*Exercise:* Your answer should contain only the lines from the top of the data below down through the one with "Leporelo as a", transcribed exactly and without pictures; please include nothing more.

*Exercise data:*
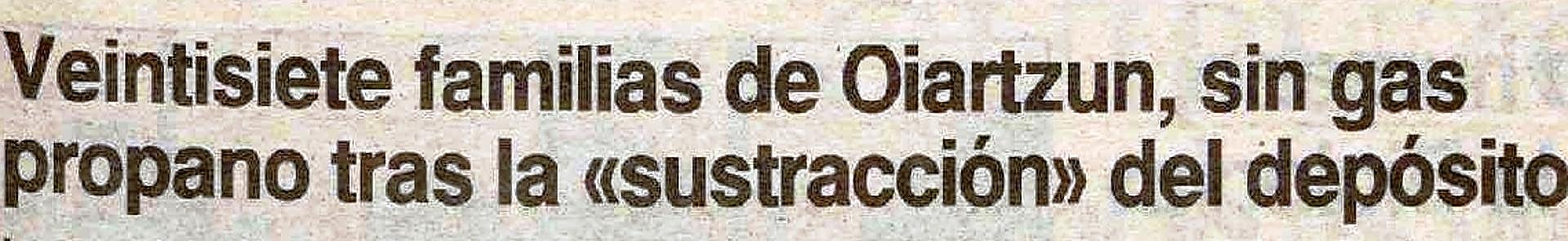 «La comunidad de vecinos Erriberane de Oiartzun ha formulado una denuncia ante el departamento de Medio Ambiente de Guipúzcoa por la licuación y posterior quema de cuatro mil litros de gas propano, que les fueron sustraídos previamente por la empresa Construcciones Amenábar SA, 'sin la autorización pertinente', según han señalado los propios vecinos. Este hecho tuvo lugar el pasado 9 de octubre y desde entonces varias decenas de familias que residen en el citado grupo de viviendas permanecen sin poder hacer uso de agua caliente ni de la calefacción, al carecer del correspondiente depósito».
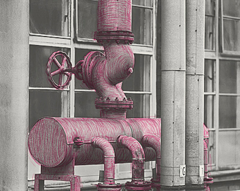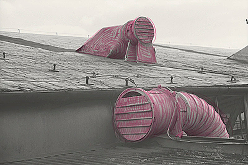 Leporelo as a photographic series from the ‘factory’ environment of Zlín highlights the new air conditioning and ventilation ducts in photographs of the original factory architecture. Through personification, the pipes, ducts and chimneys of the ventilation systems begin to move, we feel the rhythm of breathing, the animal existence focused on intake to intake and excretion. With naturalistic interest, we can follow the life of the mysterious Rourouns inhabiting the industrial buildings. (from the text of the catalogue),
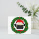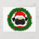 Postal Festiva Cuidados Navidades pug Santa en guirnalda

*The completed task:*
 «La comunidad de vecinos Erriberane de Oiartzun ha formulado una denuncia ante el departamento de Medio Ambiente de Guipúzcoa por la licuación y posterior quema de cuatro mil litros de gas propano, que les fueron sustraídos previamente por la empresa Construcciones Amenábar SA, 'sin la autorización pertinente', según han señalado los propios vecinos. Este hecho tuvo lugar el pasado 9 de octubre y desde entonces varias decenas de familias que residen en el citado grupo de viviendas permanecen sin poder hacer uso de agua caliente ni de la calefacción, al carecer del correspondiente depósito».
 Leporelo as a photographic series from the ‘factory’ environment of Zlín highlights the new air conditioning and ventilation ducts in photographs of the original factory architecture. Through personification, the pipes, ducts and chimneys of the ventilation systems begin to move, we feel the rhythm of breathing, the animal existence focused on intake to intake and excretion. With naturalistic interest, we can follow the life of the mysterious Rourouns inhabiting the industrial buildings. (from the text of the catalogue),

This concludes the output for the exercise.